Since the Consulate General reopened in 2025, its main task has been to promote cooperation between the two countries in trade, investment, and innovation.

==District==
From 1949, the consular district encompassed Houston and the states of Texas, Alabama, Arkansas, Louisiana, Mississippi, New Mexico, Oklahoma, as well as the Florida panhandle. This district lasted until 1975. From 1976 to 1978, the district only included Houston and Texas and from 1976, Alabama, Louisiana, Mississippi, and Texas belonged to the Consulate General of Sweden, New York City. The states of Kentucky and Tennessee were transferred to the Consulate General of Sweden, Chicago. In 1979, these states reverted to the jurisdiction of the consulate general in Houston when it was reestablished. The district remained the same until 1981 when the consulate general was closed. From when the honorary consulate general opened in 1983 until at least 1988, the district consisted of Texas except for the city of Dallas. In 2024, the district consisted of Houston, South Texas, Oklahoma, and Arkansas. Since the Consulate General reopened in 2025, its district has consisted of the state of Texas.

==Buildings==

===Chancery===
The chancery was located in the Commerce Building, Houston, in 1950 before moving to 3602 Montrose Boulevard in the Neartown-Montrose area in the same year. It remained here until 1954. From 1955, the address was a couple of hundred meters away at 3400 Montrose Boulevard in an office building. At least from 1964 to 1967, it was located in Suite 803 at the same address. The consulate remained at 3400 Montrose Boulevard until 1971/72 when it was converted into a trade commissioner office. From 1973 to 1975, the address was 4600 Post Oak Place Drive, Suite 100, in the Afton Oaks / River Oaks area. Thereafter, it was only listed as P.O. Box 27459, Houston, Texas 77027, between 1976 and 1979. From 1980 until the closure of the consulate general in 1981, it was located at 17 South Briar Hollow Lane, Suite 400, around the corner from the consulate general's previous address in Afton Oaks / River Oaks.

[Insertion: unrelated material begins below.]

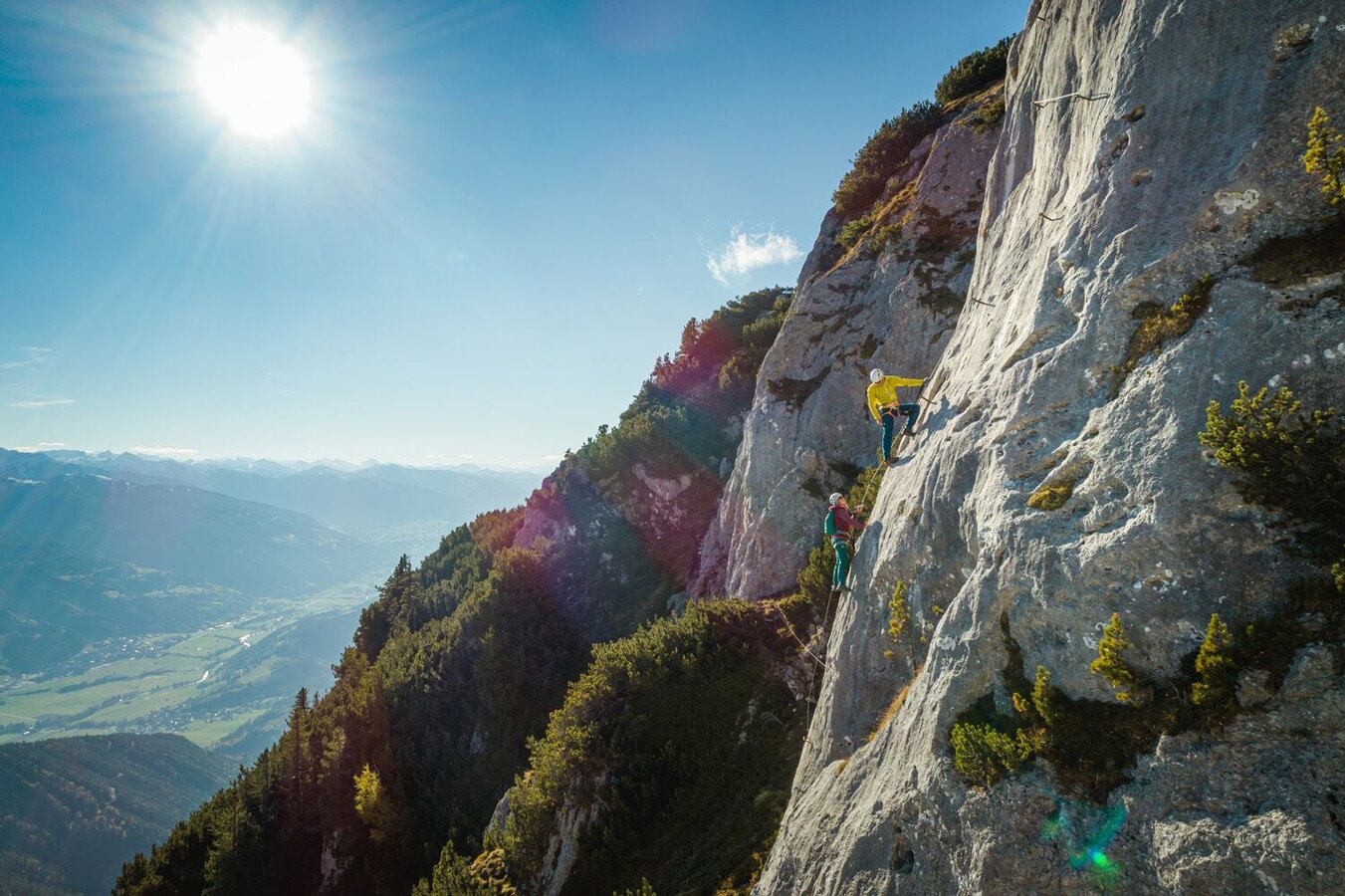 Mit grandiosem Ausblick über das Ennstal und die umliegenden Berge ist bereits der Zustieg zu den Klettersteigen ein Erlebnis. Der Florasteig erfordert ohne Klettersteigausrüstung auf jeden Fall Trittsicherheit und Schwindelfreiheit!

From 1983, the honorary consulate general was located in the same place as the Chamber of Commerce of Greater Bellaire, at 6900 South Rice Avenue in Bellaire, Texas. From at least 1985 to at least 1988, it was located at the law firm of Liddell, Sapp, Zivley, Brown & LaBoon's office on the 34th floor of the Texas Commerce Towers. From at least 1990 to 1993, it was located in the NCNB Bank Building, 5123 Bellaire Boulevard in Bellaire, Texas. From 1994 to at least 1999, it was located at 2401 Fountainview Drive, Suite 510, in the Greater Uptown district of Houston. From at least 2005 to 2012, it was located at 2909 Hillcroft Street, Suite 515, in the Mid West neighborhood of Houston. During the summer of 2012, it moved to River Oaks Tower at 3730 Kirby Drive, Suite 805, in the Greenway / Upper Kirby area. It remained there until at least 2016. It later moved to 1775 Saint James Place, Suite 105, in the Greater Uptown district of Houston.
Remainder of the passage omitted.